Data block Block Start

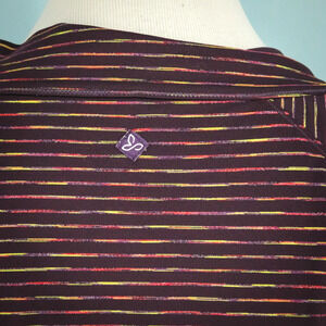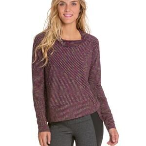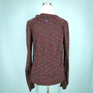 Prana Size Medium M Alicia Burgundy Stripe Asymmetrical Hem Long Sleeve Crew Neck Active Kit Top Shirt
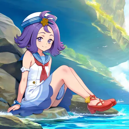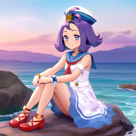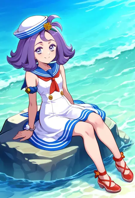 发夹、帽子、白色头饰、蓝色头饰、无袖连衣裙、白色连衣裙、蓝色连衣裙、水手领、红色领巾、臂环、单腕带、腕部丝带、鞋子、平底鞋、红色鞋履
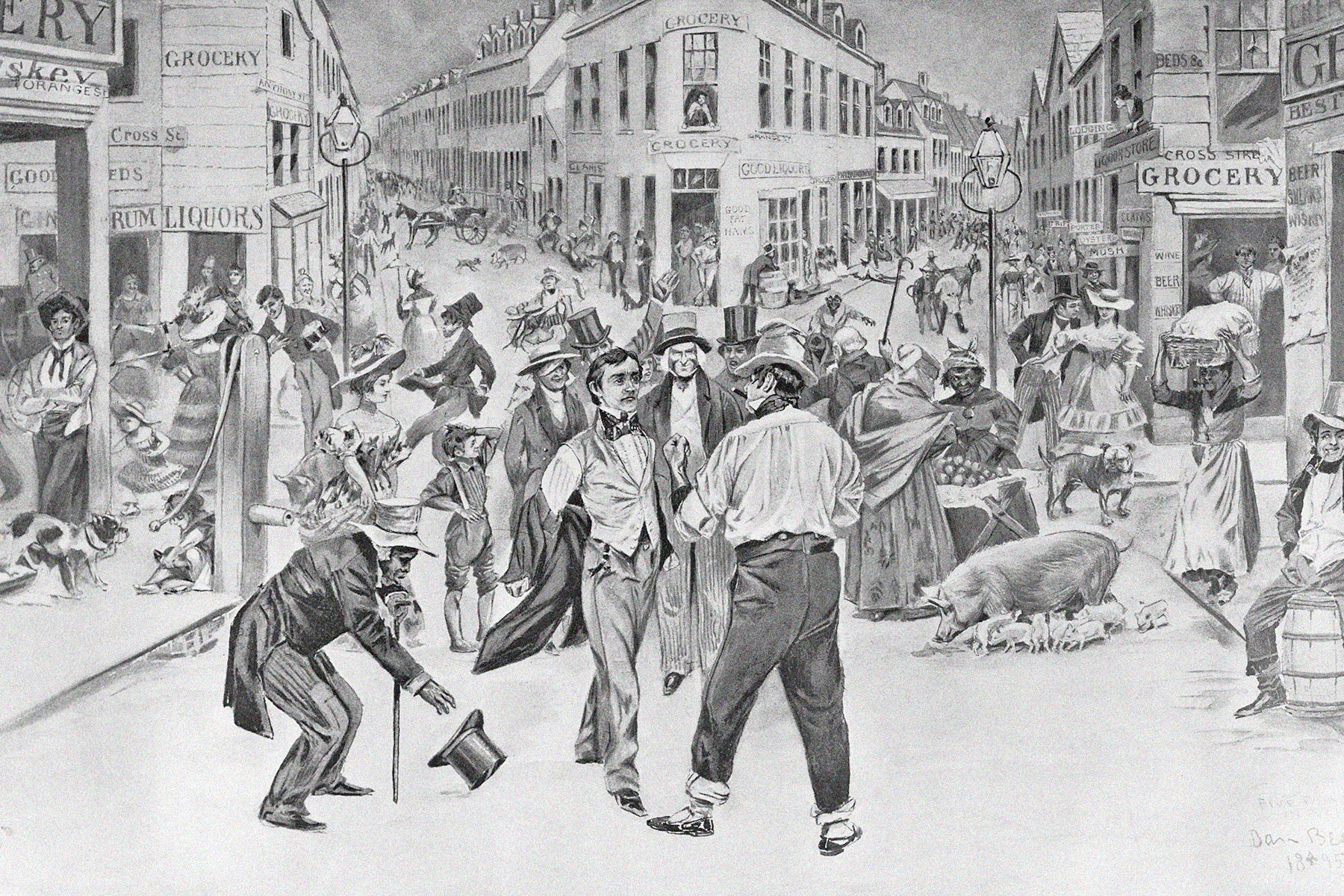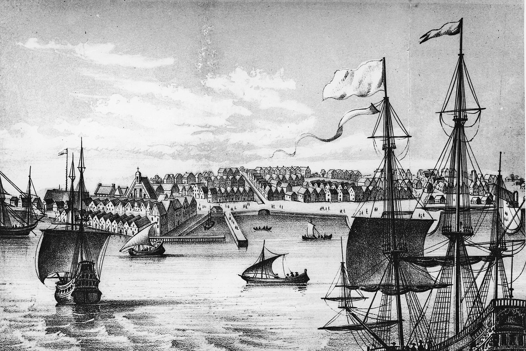 The first known inhabitants of what is now New York City were the Lenape (aka Delaware), an Indigenous people native to the northeastern U.S. Their villages were groupings of round-shaped wigwams constructed from bark, some of which were large enough to function as communal housing. The name “Manhattan” comes from the Lenape “Manahatta,” their word for a hilly, forested area, which roughly translates to “the place for gathering wood to make bows.” But when Dutch colonists acquired the land around New York Harbor in 1626, they named it New Amsterdam.

Data block Block End

:: Required action ::
Print the whole listing again exactly, please. No pictures.

:: Reply to the exercise ::
 Prana Size Medium M Alicia Burgundy Stripe Asymmetrical Hem Long Sleeve Crew Neck Active Kit Top Shirt
 发夹、帽子、白色头饰、蓝色头饰、无袖连衣裙、白色连衣裙、蓝色连衣裙、水手领、红色领巾、臂环、单腕带、腕部丝带、鞋子、平底鞋、红色鞋履
 The first known inhabitants of what is now New York City were the Lenape (aka Delaware), an Indigenous people native to the northeastern U.S. Their villages were groupings of round-shaped wigwams constructed from bark, some of which were large enough to function as communal housing. The name “Manhattan” comes from the Lenape “Manahatta,” their word for a hilly, forested area, which roughly translates to “the place for gathering wood to make bows.” But when Dutch colonists acquired the land around New York Harbor in 1626, they named it New Amsterdam.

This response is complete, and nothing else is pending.